Relocution translating / information / images / ideas

ERPANET seminar: Metadata in Digital Preservation

Marburg The ERPANET Training Seminar: Metadata in Digital Preservation took place at Archivschule, Marburg, Germany, 3rd-5th September 2003. The following notes focus on points made by speakers that have some bearing on current deliberations on metadata intiatives. I have added links to PDF versions of the presentations available on the ERPANET web site.

Speakers

Full presentation Wendy Duff from University of Toronto opened the proceedings with An Overview of Metadata Initiatives. She stressed the need to establish the purpose for which metadata was being collected/stored, and to define the metadata elements required: that done, we can then consider to what extent the requirement is wholly unique, or conforms an existing metadata initiative. She reminded us that there are often political motives behind the choice of metadata standards. Wendy believes it is unwise to depend on manual entry of metadata, preferring automatic harvesting of metadata and use of ontologies (aka thesauruses). Perhaps most interesting of all was her demonstration of the excellent ‘metamap’, a diagram of metadata in the style of a Tube map.

Full presentation Steve Knight from National Library of New Zealand described recent strict legislation which defines scope of NLNZ mission. This even allows them to circumvent protection of online documents for purpose of accessioning electronic documents/objects. Among other things, NLNZ has worked on auto-extract tools: converters already developed include Word 2, Word 6, TIFF, BMP, WAV. Metadata is extracted using the appropriate converter, output as XML, then further transformed as necessary. The NLNZ system is compatible with OAIS.

Full presentation Heike Neuroth from Gottingen State and University Library also discussed OAIS as a framework within which other standards can be used as appropriate. XML implementations of metadata standards are good not only for preservation, but also for interoperability between collections over the web. To this end, Gottingen is also making experimental use of SOAP. Discussing Dublin Core, Helke pointed out that it is a strictly minimal metadata set, “simple signposts for digital tourists”, supporting very general discovery needs of users. She also observed that LOC is moving away from using Dublin Core, preferring MODS instead. Heike also recommended that institutions use Collection-level descriptions to explicitly define ambiguous terms such as “digital object”.

Full presentation In a rather chaotic presentation of “unstructured thoughts”, Malcolm Todd from TNA (ex-PRO) expressed further reservations about using Dublin Core: that it addresses discovery, not preservation or records management; that “selective” compliance with this or other standards may not be compliance at all. He talked about the need to anticipate future migrations when defining and implementing metadata systems, and the fact that migration considerations are closely related to those of interoperability.

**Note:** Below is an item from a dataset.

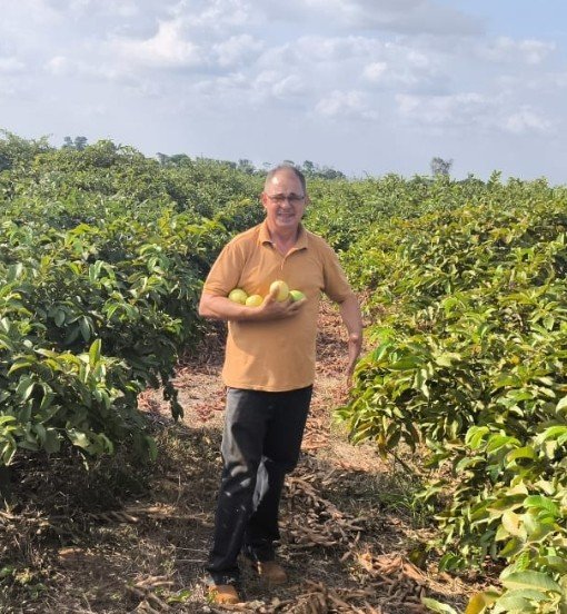 Oliveira vive com a esposa, Marilene Oliveira, de 70 anos, na Colônia Paraíso, no Km 06 da rodovia BR-222. A família trabalha com mil pés de goiaba em quase quatro hectares dentro do Sítio Manaím.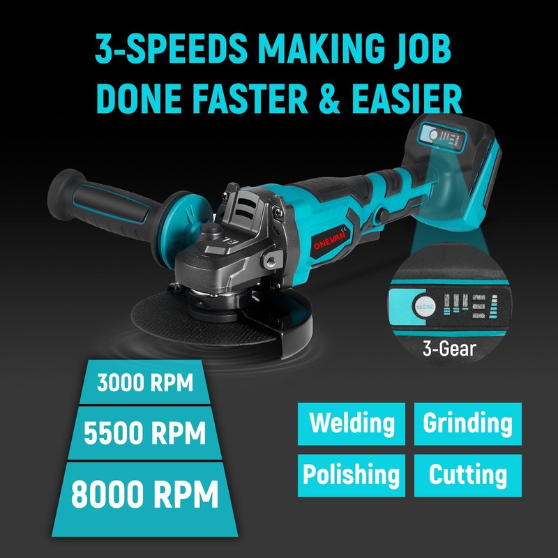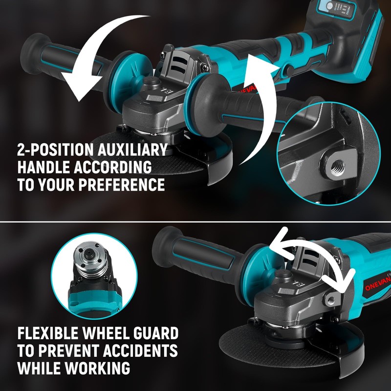 - Ergonomic Design: The cordless angle grinder has an ergonomic non-slip rubber side handle giving you added control and comfort for different angles and materials.

He also mentioned, during a breakout session, that the PRO has developed tools for auto-extraction of metadata from certain proprietary file formats.

Full presentation Palle Aagaard from Danish IT and Telecom Agency also focused on interoperability of metadata independent of media, system, content-type. Free flow of and access to data is only possible with standardised metadata.

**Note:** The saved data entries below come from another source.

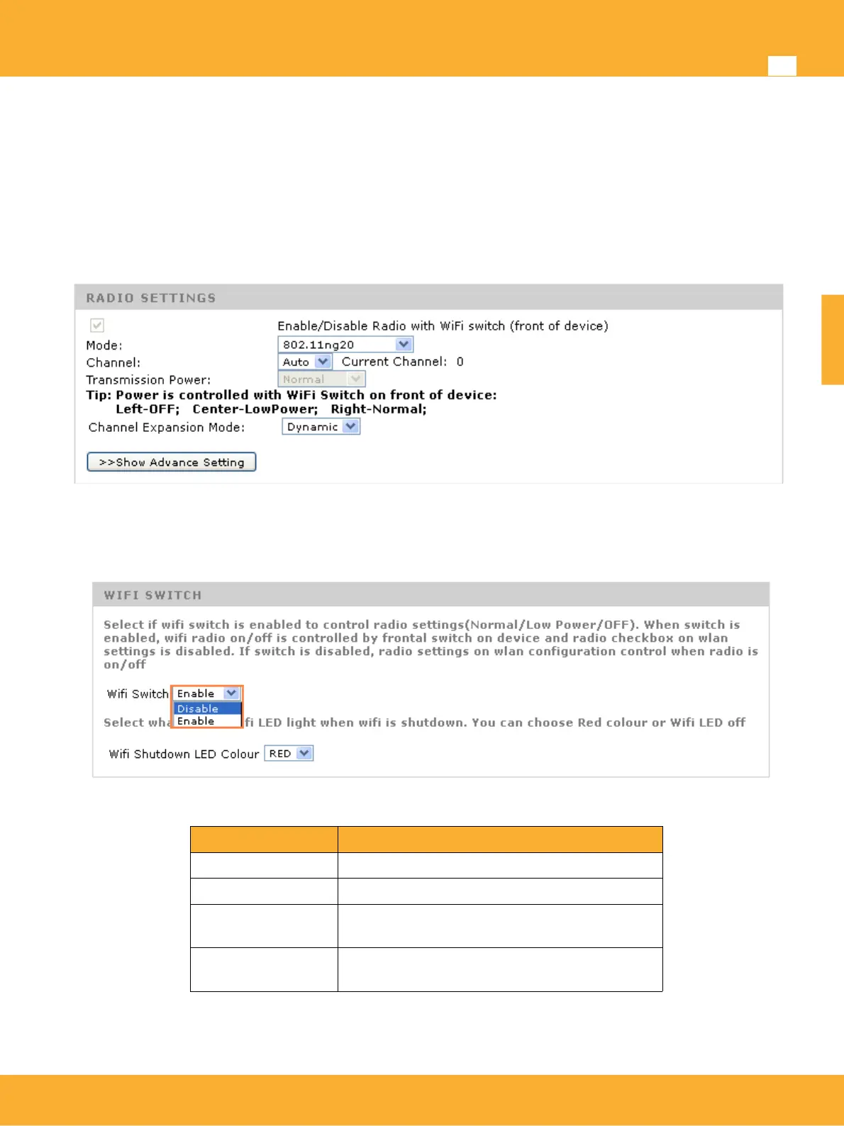 Enable Radio: Activate WiFi network. This option is controlled by the switch located on the front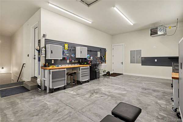 - Concrete, Finished Garage, Floor Coating, Heated Garage, Insulated Garage, Oversized, Oversized Door, Tandem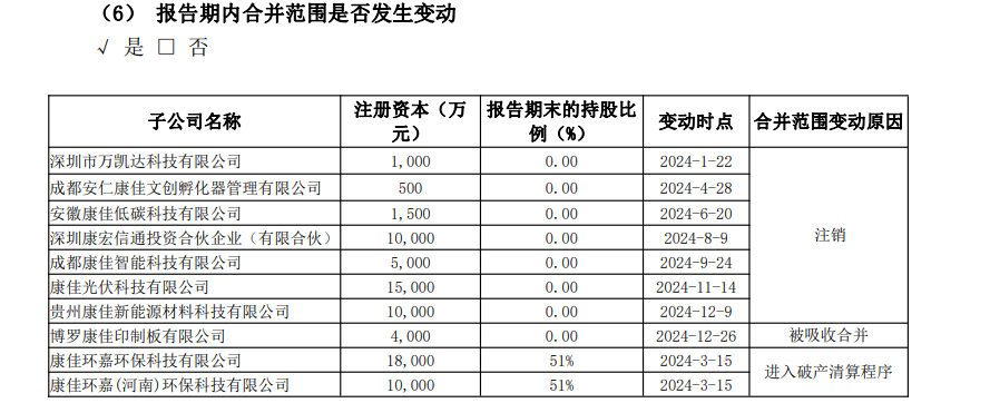 在2024年度报告中,康佳共注销了包括康佳光伏、贵州康佳新能源在内的7家子公司,并表示注销后有利于优化公司资产配置。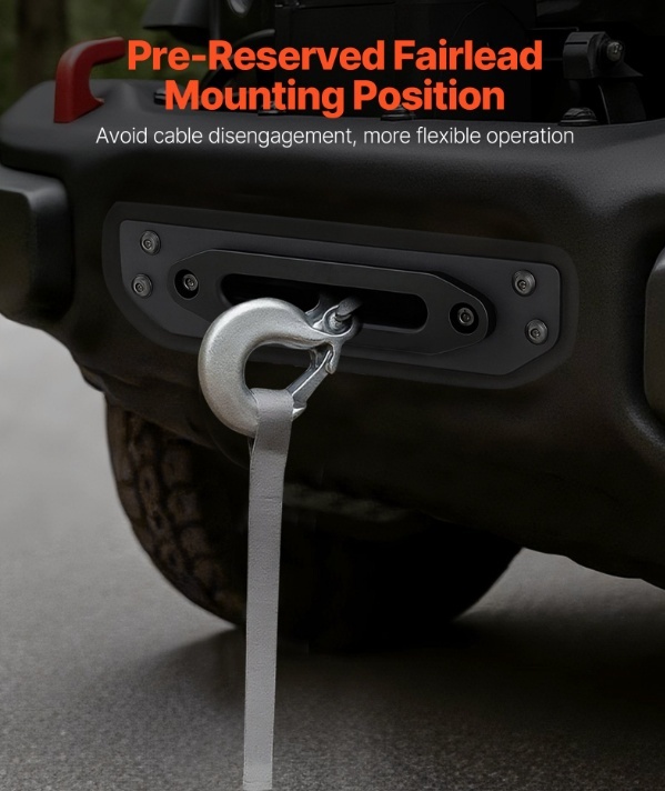 Vadotnes āķa stiprinājums: Vinčas uztvērēja sakabes stiprinājuma iepriekš uzstādītais vadotnes āķa stiprinājums nodrošina vienmērīgu troses vadīšanu, samazinot berzi un nodilumu. Tas ļauj trosi atbrīvot vai ievilkt pa noteiktu trajektoriju, uzlabojot drošību un efektivitāti lietošanas laikā.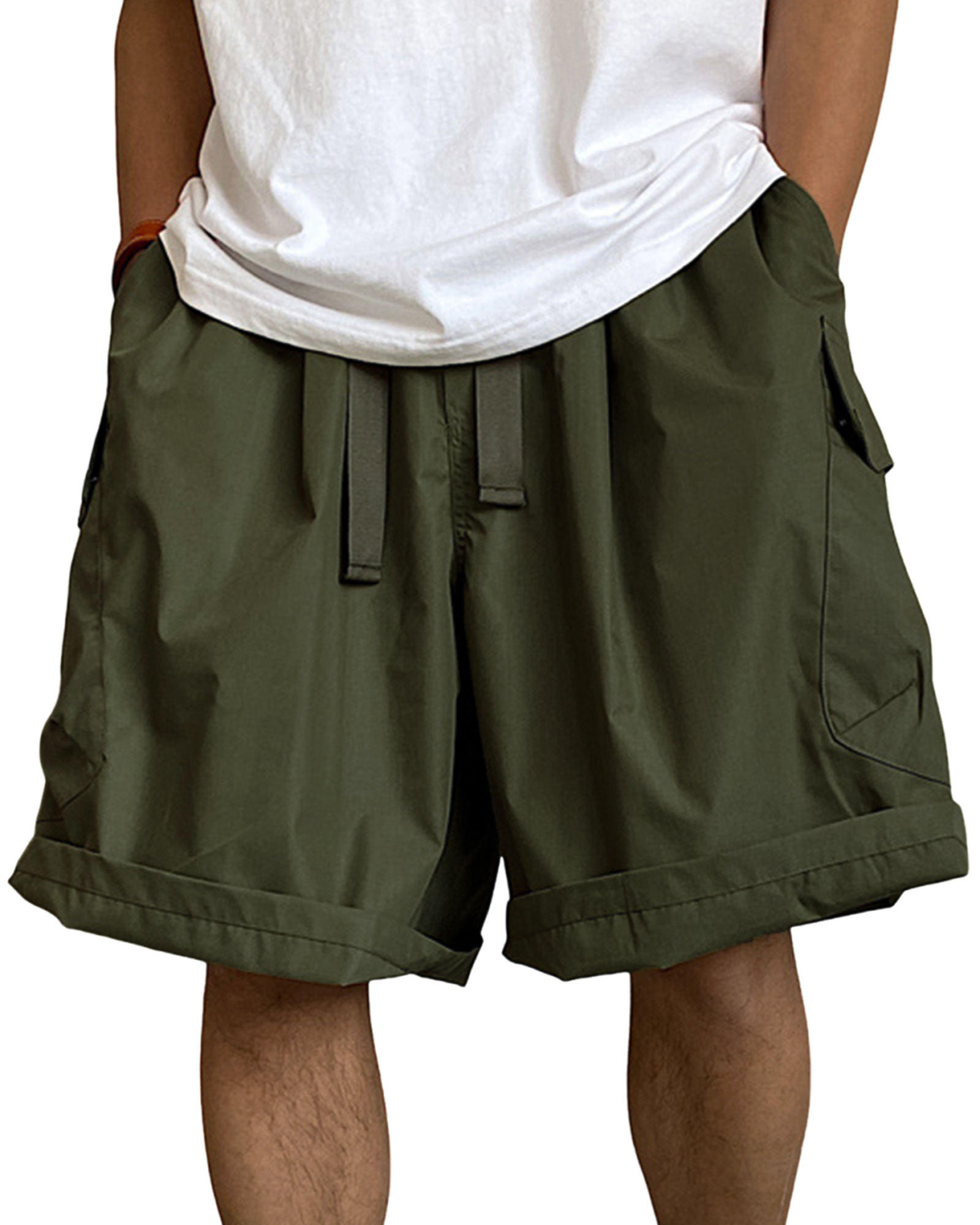 Men's Fashion Retro Outdoor Workwear Pocket Elastic Waist Drawstring Shorts

Full presentation Michael Day from UKOLN defined interoperability in terms of supporting reuse, exchange and migration of data and metadata. He observed that no single metadata standard is likely, possible, or desirable. What may, therefore, be necessary, are registries of metadata standards, supporting easy discovery and version control of standards, which need to be effectively managed over time. Above all, it is important to focus on implementation: conceptual specifications need to move quickly beyond proof of concept, to viable applications.

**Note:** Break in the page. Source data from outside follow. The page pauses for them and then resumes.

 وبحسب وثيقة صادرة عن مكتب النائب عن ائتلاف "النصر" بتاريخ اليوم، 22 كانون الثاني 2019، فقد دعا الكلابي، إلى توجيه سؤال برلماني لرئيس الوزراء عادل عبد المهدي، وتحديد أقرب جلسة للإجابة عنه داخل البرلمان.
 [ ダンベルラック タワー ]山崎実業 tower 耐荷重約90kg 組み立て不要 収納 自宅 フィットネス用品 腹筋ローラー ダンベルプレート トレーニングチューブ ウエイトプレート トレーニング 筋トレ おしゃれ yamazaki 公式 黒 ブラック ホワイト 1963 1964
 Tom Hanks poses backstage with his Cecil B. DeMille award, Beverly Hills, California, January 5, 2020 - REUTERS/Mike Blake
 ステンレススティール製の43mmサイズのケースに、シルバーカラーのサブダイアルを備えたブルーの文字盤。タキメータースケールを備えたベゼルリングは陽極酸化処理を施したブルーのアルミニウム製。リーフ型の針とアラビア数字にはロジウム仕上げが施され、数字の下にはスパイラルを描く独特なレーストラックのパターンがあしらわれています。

Full presentation Andrew Wilson from National Archives of Australia described NAA’s “two-pronged approach”, focusing on resource discovery and recordkeeping (aka records-management). Preservation metadata, he contended, was essentially a superset of these. NAA (like NLNZ) are advocates of DC, adding a few of their own elements to the basic DC set. He also pointed out, much to everyone’s amusement, that since all DC elements are optional, a file with no metadata at all is DC compliant. NAA is still developing its metadata standard, but they see the procedure as follows:

  1. Document data needed
  2. Investigate existing standards
  3. Develop application profile (find out more)
  4. Develop schemas as necessary.

Full presentation Thomas Severiens, from the Institute for Science Networking, Oldenburg, visualised the onion-like accumulation of metadata layers by digital objects as they pass through different hands (author, department, publisher, library, archive), and described the ‘Meta-Maker’, a simple interface for creating DC metadata.

Full presentation Bill Roberts described a variety of approaches to storing the data, including that of TNA (ex-PRO): digital objects are stored in filestore; metadata is arranged in XML documents (which are stored in a database); links between objects, metadata, etc are managed by the database. The alternative approach of VERS was described: metadata and data are all encapsulated in XML files. Advantages of this approach are that the record is self-contained, and the resulting file is amenable to use of digital signatures; the disadvantage is the added complexity of accessing both object and metadata. He highlighted the flexibility of XML, compared with relational database, schemas. Like Michael Day, Bill exhorted the value of practical experience of implementing solutions rather than producing endless refinements of specifications.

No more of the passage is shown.